Work request: Leaving out every picture, retype the lines below from the top through the one that contains "2025年1月份末梢水常规43项水质检测公告".

# # # #

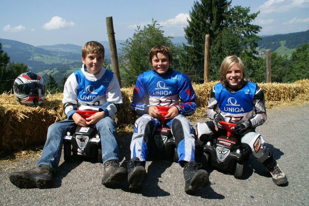 Michael, Tobias und Mathias ließen es beim Bobby-Car-Rennen in Egg so richtig laufen.
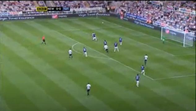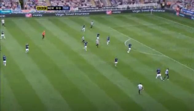 Newcastle have possession in a central area, with Spurs relatively organised.
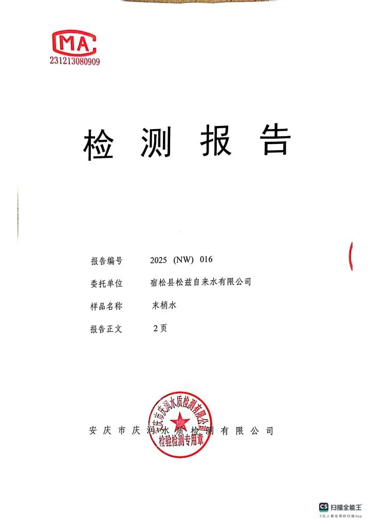 2025年1月份末梢水常规43项水质检测公告
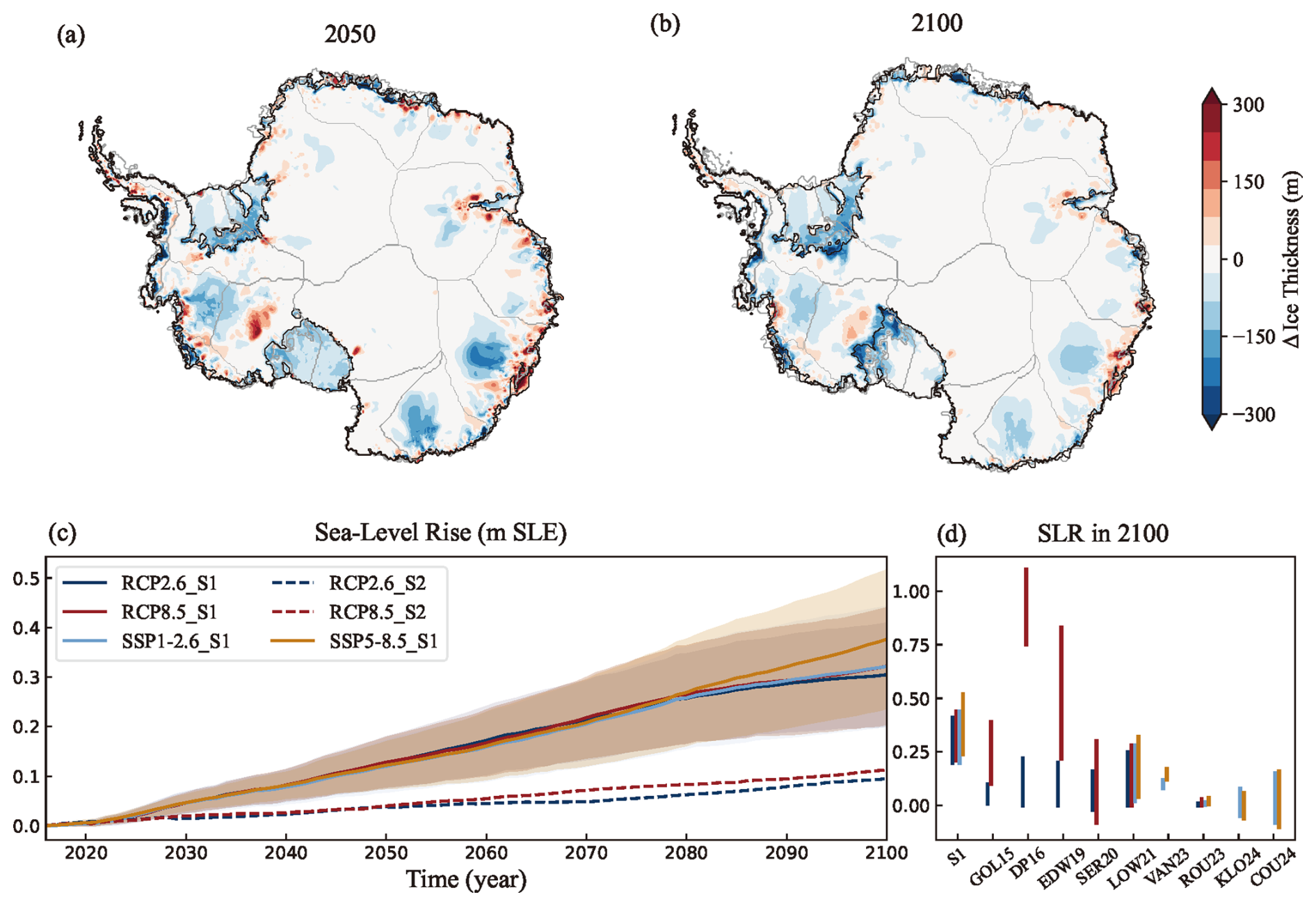 Figure 9Ice sheet thickness differences and projected contributions of the AIS to sea-level rise (m SLE). Spatial differences in the projected ice thickness between the S1 and S2 multi-scenario ensemble means for 2050 (a) and 2100 (b). The values are derived by averaging the differences (S1–S2) under the RCP 2.6 (RCP 2.6_S1, RCP 2.6_S2) and RCP 8.5 (RCP 8.5_S1, RCP 8.5_S2) scenarios in (c). (c) Predicted sea-level rise for “SGO scenario” to “SGF scenario” simulations in S1 under four scenarios (color shading) and mean values (color lines). The dashed lines represent projections from the S2 initial state – a set of results from the LOW21 ensemble projections: red for RCP 8.5, blue for RCP 2.6. (d) Projected contributions to sea-level rise (SLR) by 2100 from the S1 simulations, compared to other studies: CHU13 (Church et al., 2013), GOL15 (Golledge et al., 2015), DP16 (DeConto and Pollard, 2016), EDW19 (Edwards et al., 2019), SER20 (Seroussi et al., 2020), LOW21 (Lowry et al., 2021), VAN23 (van der Linden et al., 2023), KLO24 (Klose et al., 2024), and COU24 (Coulon et al., 2024).
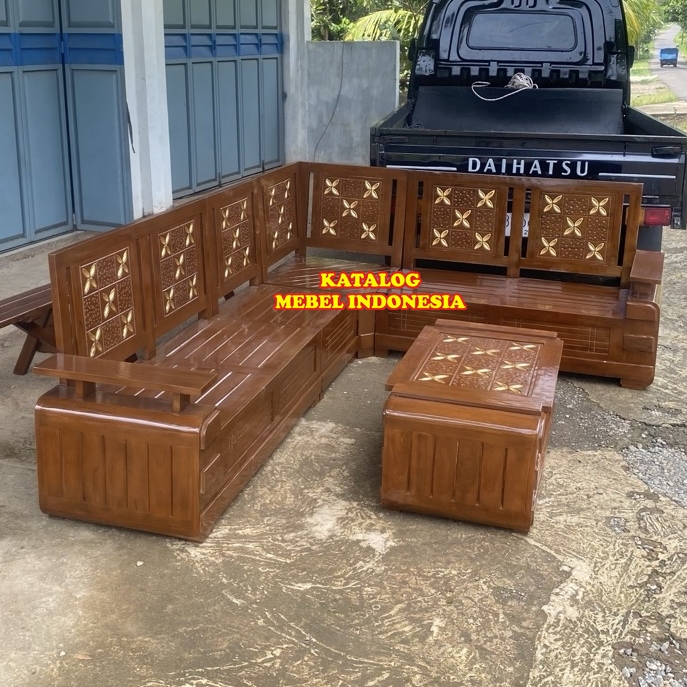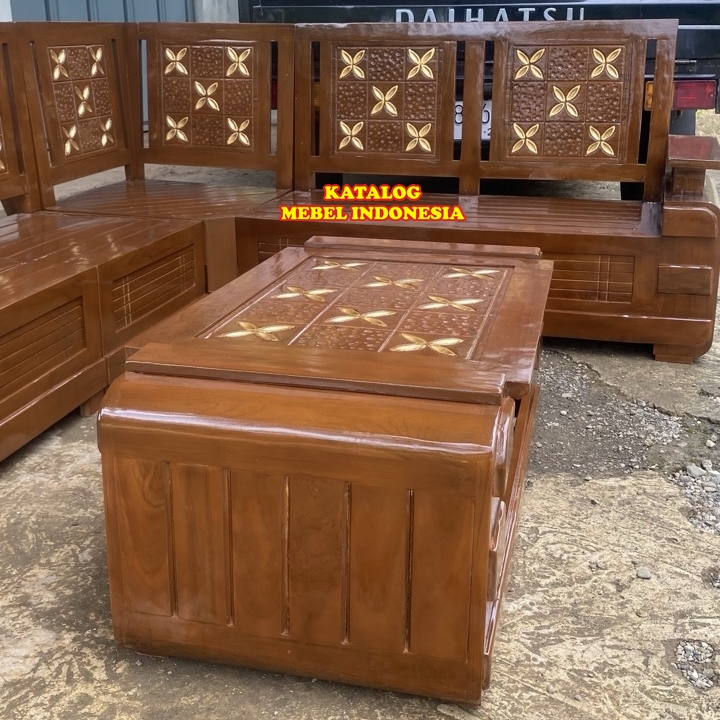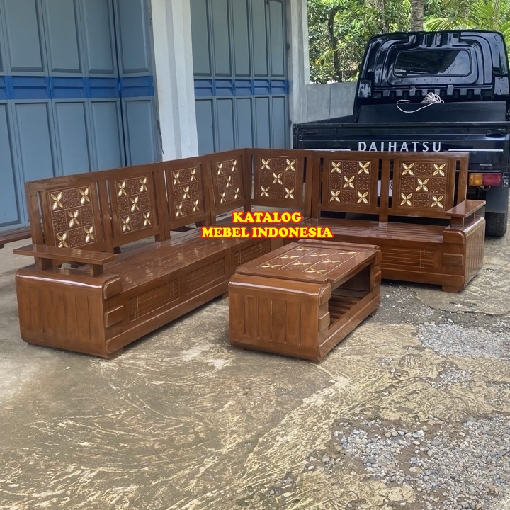 Kursi Sudut Jati Domini Lengkap dengan Meja - Mebel Jepara - Furniture
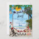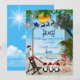 Une scène de vacances d'été chaleureuse sur la plage avec un Père Noël volant dans son traîneau disant Enseigner la Paix, et des manchots heureux, avec des chapeaux de Père Noël et un tout-petit pour une carte de vœux à personnaliser.
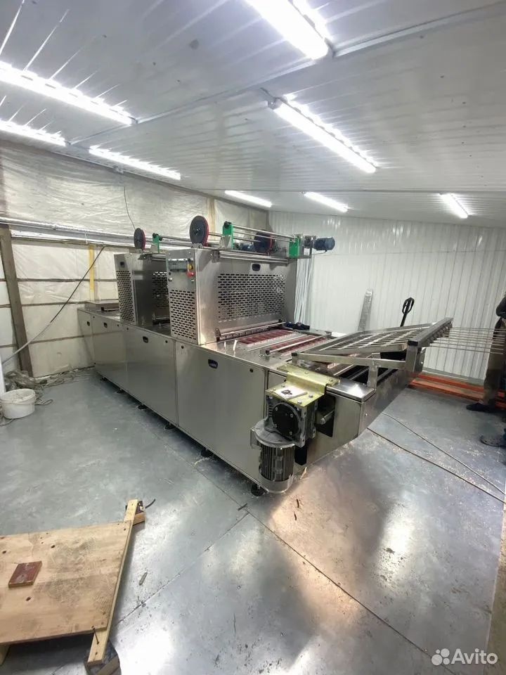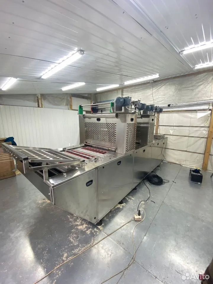 Запайщик конвейерный гусеничного типа с тремя режимами запайки: простая запайка, запайка под вакуумом; запайка вакуум-газ. Два вакуумных насоса по 100 м3. Два запаянных блока по восемь гнезд под лоток 180х80 мм (сэндвич)
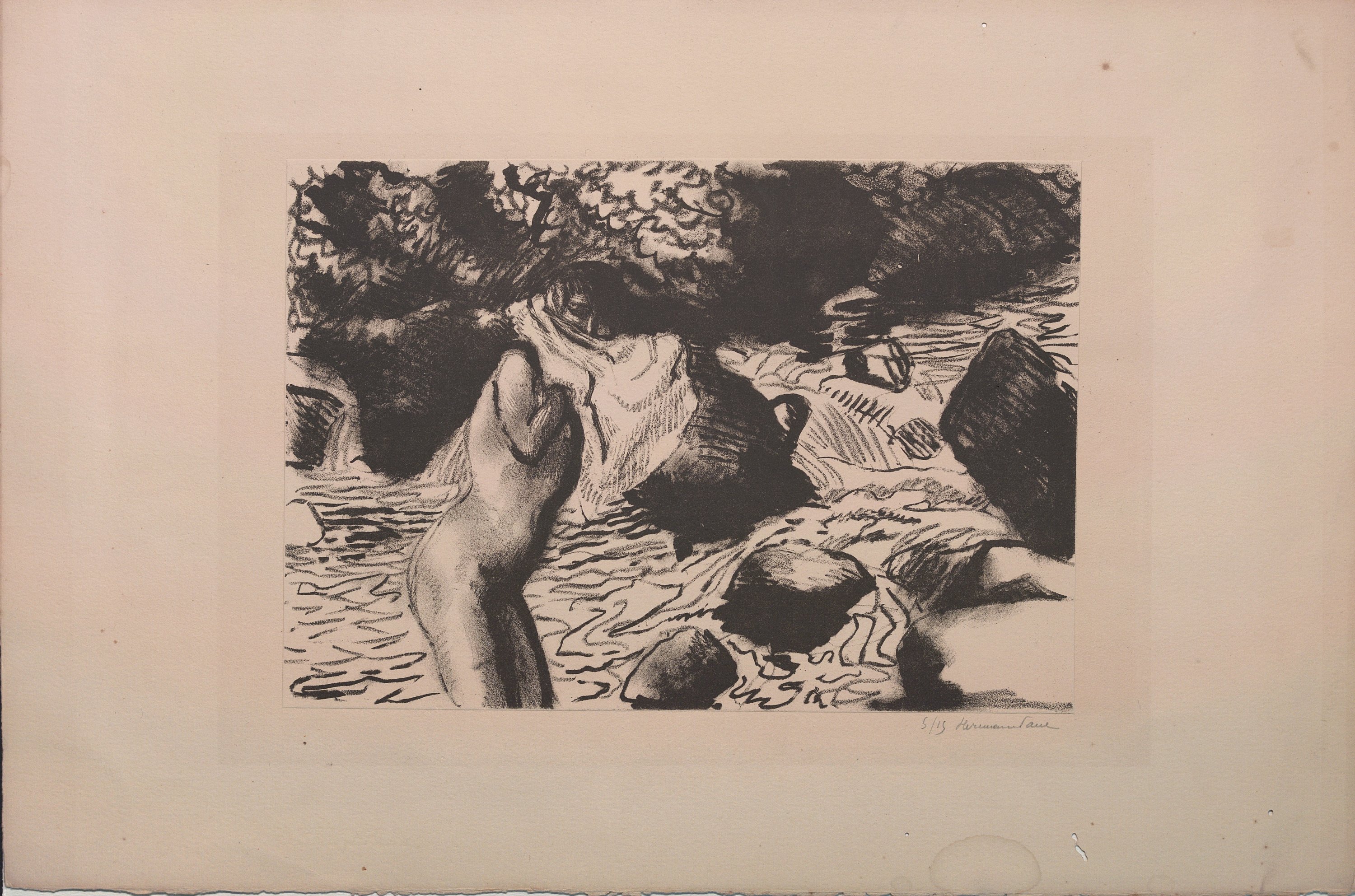Baigneuse, lithographie originale numérotée 5/15 et signée en bas à droite, contrecollée sur papier épais, 29 x 20 cm.

# # # #

Output for this exercise:
 Michael, Tobias und Mathias ließen es beim Bobby-Car-Rennen in Egg so richtig laufen.
 Newcastle have possession in a central area, with Spurs relatively organised.
 2025年1月份末梢水常规43项水质检测公告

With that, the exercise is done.